[Opening Given data section]

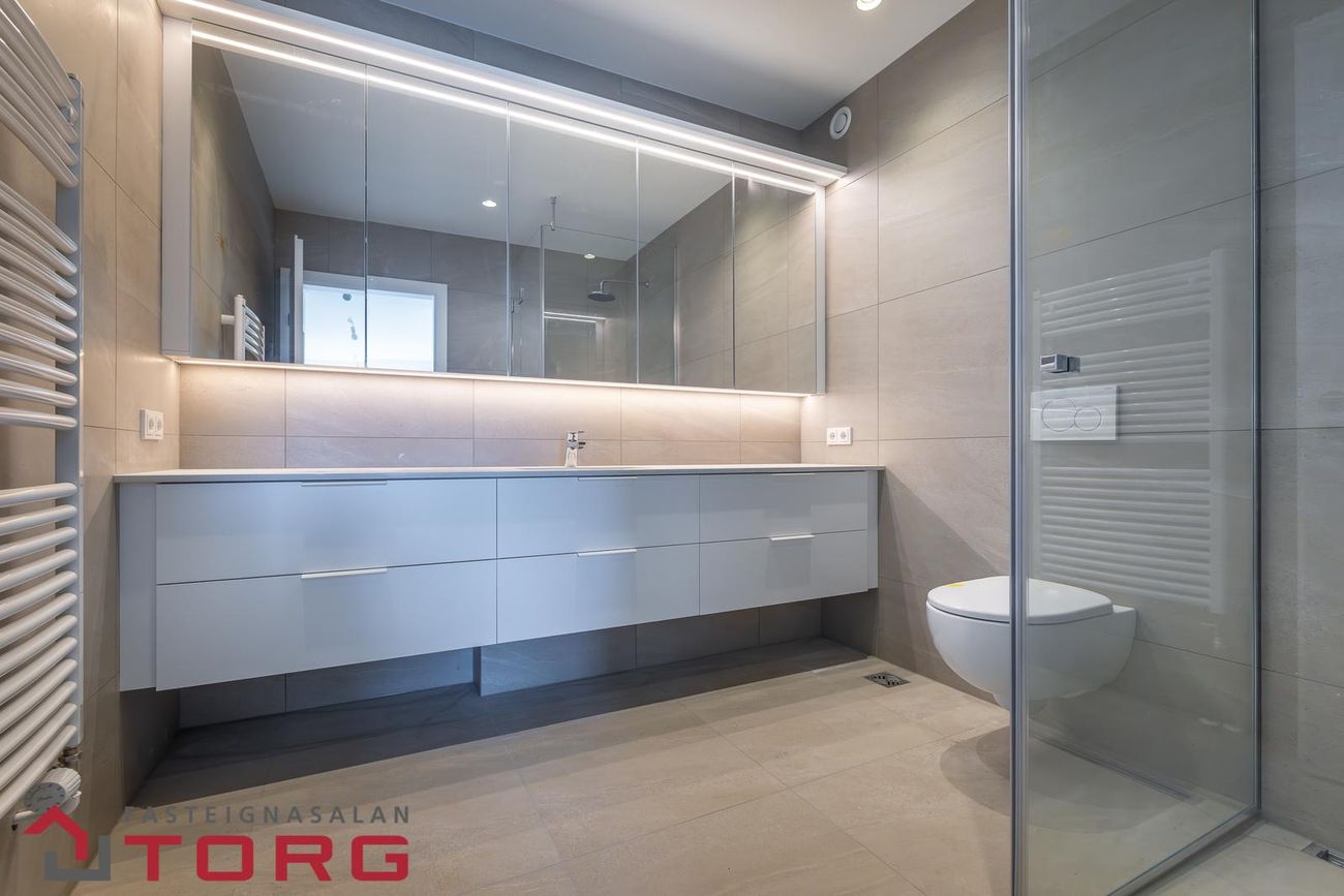 Nýtt fjölbýlishús með lyftu, opnu stofu- og eldhúsrými, verönd, svalir og sérgeymslu í kjallara. Góð einangrun og nútímalegur raftækibúnaður.
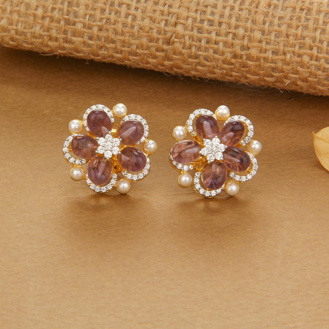 Gold Plated Silver Stone Earrings | Silver Earrings with Gold Plated
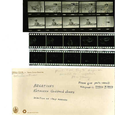 Negatives of photgraphs by Karen M. White of Kathleen Goddard Jones on the sand dunes.
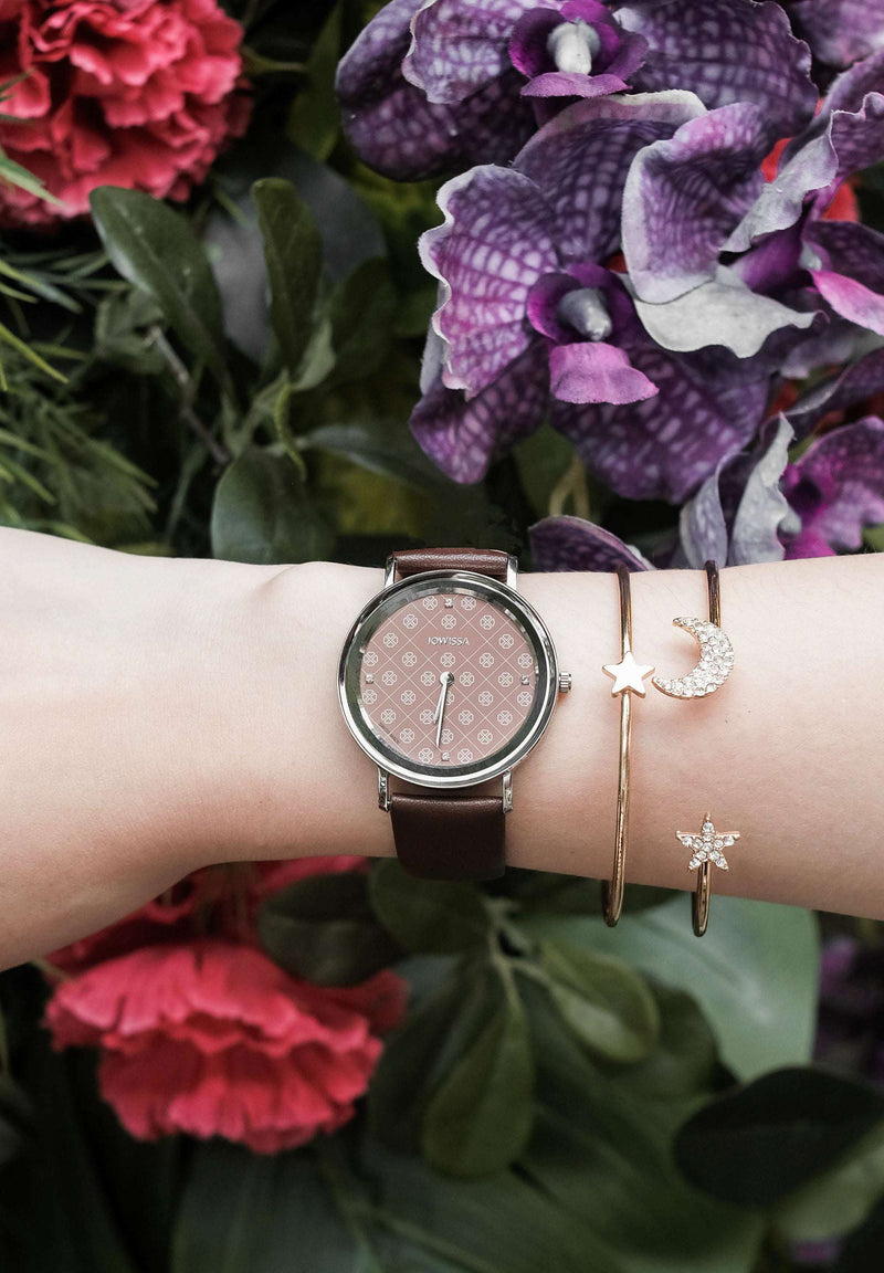 Waterproof, Quartz movement, Interchangeable strap, Swiss made, and Analogue wristwatch
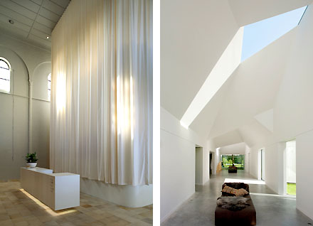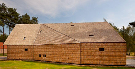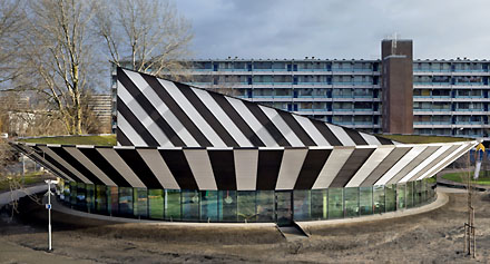 Ja mensen, aanstaande woensdag wordt in het Eye Filmmuseum bekendgemaakt wie de BNA Gebouw van het Jaar Prijs krijgt uit handen van BNA-voorzitter Willem Hein Schenk... We denken even mee met de jury: wordt het een mooi kantoorgebouw, zoals Europol [beeld hierboven] van Quist Wintermans of de Kromhoutkazerne van Meyer en Van Schooten [zie hieronder]? We denken het niet, hoewel de keuzes van de jury bij de regionale winnaars tot nu een zekere modernistische voorkeur lieten zien... Of wordt het een mooi laboratorium [boven] zoals van de ZwarteHond in Groningen of een mooi doosvormig bedrijfsgebouw [beneden links], zoals van cepezed? We denken het niet... de Groningse gevelopbouw hebben we ook in Nederland al in andere vormen voorbij zien komen en de mooie dozen van cepezed kennen we ook al wel; geen schokkend nieuws dus. En ook het sympathieke wooncomplex [rechtsboven] in Amsterdam van Geurst en Schulze dichten we geen grote kansen toe. Tja, dan die nieuwe school hieronder van Grosfeld Van der Velde waarvan de houten doos op betonnen letters staat? Waar zagen we dat reeds eerder? Of dan die andere school van Marlies Rohmer? Met mooie - in elkaar geschoven -cirkelvormige plattegronden [beeld onder] en dat aardige gevouwen gevelpaneeltje? Of dat tweede! project van Rohmer, die gymnastiekzaal die ook nog energieneutraal is en dazzlepainted? We denken het niet... Of dat aardige houten doopsgezinde kerkje van Faro in Elspeet? Waren alle actuele kerken maar zo [milieu]vriendelijk vormgegeven, maar wat voegt het gebouw werkelijk toe aan onze vaderlandse architectuur? Nee, wij denken dat het een van de herbestemmingsprojecten gaat worden; en welke daarvan is dan de beste, de meest unieke, degene die - of in beeld, of in opzet, of in aanpak - iets toevoegt aan dat wat wat we al kennen, die een draai geeft aan ons denken, of die uitblinkt in werkelijke schoonheid? Is dat het kantoor van IMD in die Rotterdamse loods, naar ontwerp van Ector Hoogstad [onder links]? Of het hergebruik van een gevangenis volgens het plan van Engelman [onder rechts]? Of het magistrale stedelijk blok in Leeuwarden waarin het Friese provinciehuis werd uitgebreid door Sjoerd Soeters? Wat ons betreft mag hij dit jaar de prijs wel winnen. Zelden zagen we een mooier plan waarin bestaande en nieuwe bebouwing in het hartje van de stad zo vakkundig en verstandig werden samengebracht! En ook dat interieur van de bestaande St. Josephkapel door BO2 architecten [hieronder links] straalt een vakmanschap en vernieuwende eenvoud uit welke een prijs waard zou zijn... Maar u begrijpt het al waarde lezers, er is maar een project dat de architectonische tand des tijds werkelijk gebruikt en kan doorstaan, de Villa 4.0! Oorspronkelijk ontwerp van de inmiddels reeds lang gepensioneerde architect Gé van der Pol, en nu voor de vierde keer verbouwd en uitgebreid door Dick van Gameren [hierboven rechts de hal van de villa]. Vreemde, nieuwe dakvormen, prachtig bovenlicht in bijna alle ruimten en een hoogwaardige detaillering die zijn weerga niet kent! Er rust maar één klein smetje op het proces: Van der Pol vertelt het haast onbewogen, maar snijdend: 'Mijn medelid van BNA en AetA vond het niet nodig om met mij contact op te nemen over zijn plan...' De BNA gedragsregels spreken voor zich; Van Gameren had het beter kunnen en moeten doen, maar dat kan natuurlijk nog steeds. Als hij overmorgen zijn terechte prijs krijgt, kan hij Van der Pol alsnog in de feestelijkheden betrekken; want zonder de structuralistische basis van dat zeshoekenplan was dit verrassende resultaat er immers niet geweest...

[Closing Given data section]

Leave the images aside and transcribe all entries exactly.

 Nýtt fjölbýlishús með lyftu, opnu stofu- og eldhúsrými, verönd, svalir og sérgeymslu í kjallara. Góð einangrun og nútímalegur raftækibúnaður.
 Gold Plated Silver Stone Earrings | Silver Earrings with Gold Plated
 Negatives of photgraphs by Karen M. White of Kathleen Goddard Jones on the sand dunes.
 Waterproof, Quartz movement, Interchangeable strap, Swiss made, and Analogue wristwatch
 Ja mensen, aanstaande woensdag wordt in het Eye Filmmuseum bekendgemaakt wie de BNA Gebouw van het Jaar Prijs krijgt uit handen van BNA-voorzitter Willem Hein Schenk... We denken even mee met de jury: wordt het een mooi kantoorgebouw, zoals Europol [beeld hierboven] van Quist Wintermans of de Kromhoutkazerne van Meyer en Van Schooten [zie hieronder]? We denken het niet, hoewel de keuzes van de jury bij de regionale winnaars tot nu een zekere modernistische voorkeur lieten zien... Of wordt het een mooi laboratorium [boven] zoals van de ZwarteHond in Groningen of een mooi doosvormig bedrijfsgebouw [beneden links], zoals van cepezed? We denken het niet... de Groningse gevelopbouw hebben we ook in Nederland al in andere vormen voorbij zien komen en de mooie dozen van cepezed kennen we ook al wel; geen schokkend nieuws dus. En ook het sympathieke wooncomplex [rechtsboven] in Amsterdam van Geurst en Schulze dichten we geen grote kansen toe. Tja, dan die nieuwe school hieronder van Grosfeld Van der Velde waarvan de houten doos op betonnen letters staat? Waar zagen we dat reeds eerder? Of dan die andere school van Marlies Rohmer? Met mooie - in elkaar geschoven -cirkelvormige plattegronden [beeld onder] en dat aardige gevouwen gevelpaneeltje? Of dat tweede! project van Rohmer, die gymnastiekzaal die ook nog energieneutraal is en dazzlepainted? We denken het niet... Of dat aardige houten doopsgezinde kerkje van Faro in Elspeet? Waren alle actuele kerken maar zo [milieu]vriendelijk vormgegeven, maar wat voegt het gebouw werkelijk toe aan onze vaderlandse architectuur? Nee, wij denken dat het een van de herbestemmingsprojecten gaat worden; en welke daarvan is dan de beste, de meest unieke, degene die - of in beeld, of in opzet, of in aanpak - iets toevoegt aan dat wat wat we al kennen, die een draai geeft aan ons denken, of die uitblinkt in werkelijke schoonheid? Is dat het kantoor van IMD in die Rotterdamse loods, naar ontwerp van Ector Hoogstad [onder links]? Of het hergebruik van een gevangenis volgens het plan van Engelman [onder rechts]? Of het magistrale stedelijk blok in Leeuwarden waarin het Friese provinciehuis werd uitgebreid door Sjoerd Soeters? Wat ons betreft mag hij dit jaar de prijs wel winnen. Zelden zagen we een mooier plan waarin bestaande en nieuwe bebouwing in het hartje van de stad zo vakkundig en verstandig werden samengebracht! En ook dat interieur van de bestaande St. Josephkapel door BO2 architecten [hieronder links] straalt een vakmanschap en vernieuwende eenvoud uit welke een prijs waard zou zijn... Maar u begrijpt het al waarde lezers, er is maar een project dat de architectonische tand des tijds werkelijk gebruikt en kan doorstaan, de Villa 4.0! Oorspronkelijk ontwerp van de inmiddels reeds lang gepensioneerde architect Gé van der Pol, en nu voor de vierde keer verbouwd en uitgebreid door Dick van Gameren [hierboven rechts de hal van de villa]. Vreemde, nieuwe dakvormen, prachtig bovenlicht in bijna alle ruimten en een hoogwaardige detaillering die zijn weerga niet kent! Er rust maar één klein smetje op het proces: Van der Pol vertelt het haast onbewogen, maar snijdend: 'Mijn medelid van BNA en AetA vond het niet nodig om met mij contact op te nemen over zijn plan...' De BNA gedragsregels spreken voor zich; Van Gameren had het beter kunnen en moeten doen, maar dat kan natuurlijk nog steeds. Als hij overmorgen zijn terechte prijs krijgt, kan hij Van der Pol alsnog in de feestelijkheden betrekken; want zonder de structuralistische basis van dat zeshoekenplan was dit verrassende resultaat er immers niet geweest...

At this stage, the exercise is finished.